Wed, 24 Sept 2014, 22:11


My students,

Many of you commented after class that the example at the end pulled
everything together.  I am glad to hear that.

Some of you, however, still had some problems.  So, I have prepared
this handout.  We will also post a handout I wrote some time ago on
this topic.  Any questions on either, please let me know.

One caveat before I begin.  I am drawing these figures on an ASCII
terminal, so I do not know how good they will come out.  If they don't
I will have one of my TAs scan them in so they are clear.

Now then:

I showed you the state machine (Moore model) for the device controller.
There are inputs and outputs, as I pointed out in class.  Moore model
means the outputs are associated with the states.

The state machine shows the possible states that the device controller
can be in.

     1           2                 k     ------    k+1                n
   ------  D   ------            ------  BBSYin  --------            -------
  | Idle |--->| BRi  |--->  ... | SACK |------->| BBSYout|---> ...  |BBSYout|
   ------      ------            ------          --------            -------
      ^                                                               /
      |                                                              /
       -------------------------------------------------------------
                                                   ----       ----
                                                   MSYN  AND  SSYN

States 1 to k represents the behavior before the device controller
takes control of the bus as bus master for the next bus cycle.
The bus master for the NEXT bus cycle is in state k, asserting SACK.
When the current bus master negates BBSY, this device controller moves
to state k+1, and begins the sequence needed to perform the transaction.
In this figure, state k+1 to state n are needed to accomplish the bus
transaction.  In the example below (improved on what I did on the board
today), n=k+2 (i.e., two states are needed to actually do the data transfer.

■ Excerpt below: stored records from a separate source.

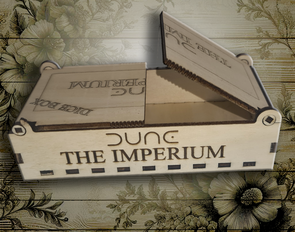 Scatola in legno con doppia apertura dall'alto, utilizzabile come dice box per giochi di ruolo o come porta mazzi di carte.
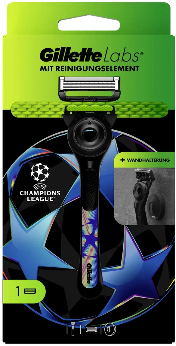 Verfügbarkeit: 2-3 Tage - Kategorie: Systemrasierer - Procter & Gamble - GTIN:8700216942515 - Gillette Rasierer Labs 'UEFA Champions League' - 16,99 Euro bei mueller.de - gefunden von billiger.de Ein günstiger Nassrasierer mit Reinigungs-Element, der eine effektive Rasur zu einem attraktiven Preis bietet. ![]() ![]() Gillette Labs Nassrasierer Herren mit Reinigungs-Element
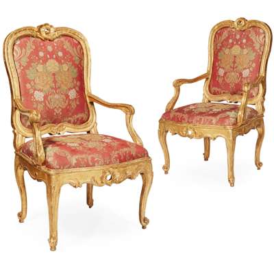 PAIR OF ITALIAN ROCOCO CARVED GILTWOOD ARMCHAIRS
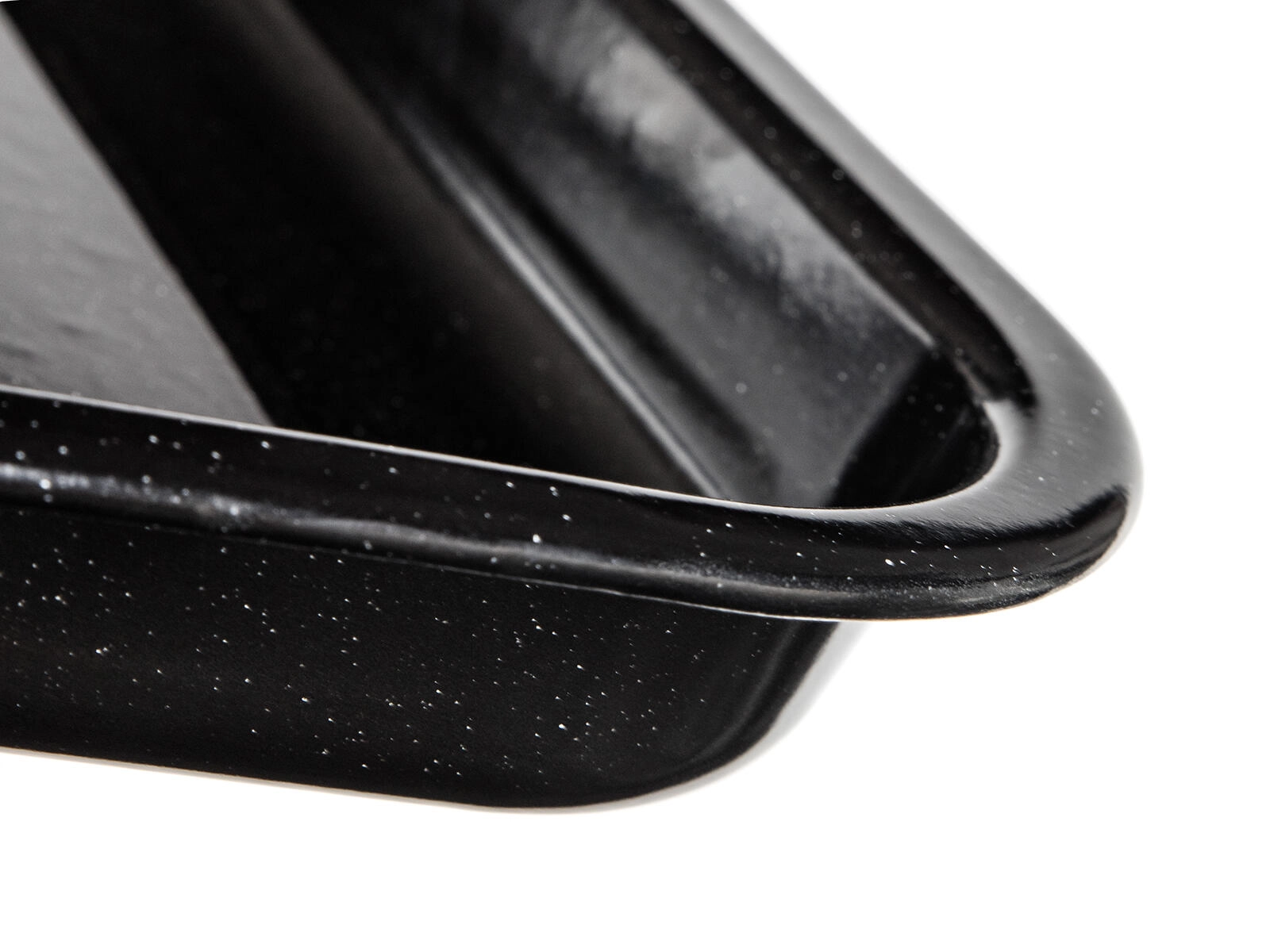 Le format 41 × 37 × 4 cm offre suffisamment d’espace pour préparer viandes, légumes, gratins et desserts. Les bords hauts aident à prévenir les écoulements de jus et gardent le four plus propre. Sa finition noire intemporelle s’harmonise parfaitement avec le reste de votre vaisselle.

Here is the example we did in class today again, this time recognizing
that only two states are needed for the bus master, not three as I did
in class:

                  Master                     Slave
                  ------                     -----
                    |  BBSYout,MSYN,Addr,BT    |
                    |------------------------->|
                    |                          |
                    |                SSYN, Data|
                    |<-------------------------|
                    |  ----                    |
                    |  MSYN                    |
                    |------------------------->|
                    |                    ----  |
                    |                    SSYN  |
                    |<-------------------------|


Note that I drew the lines as horizontal.  Too difficult to do it on an angle.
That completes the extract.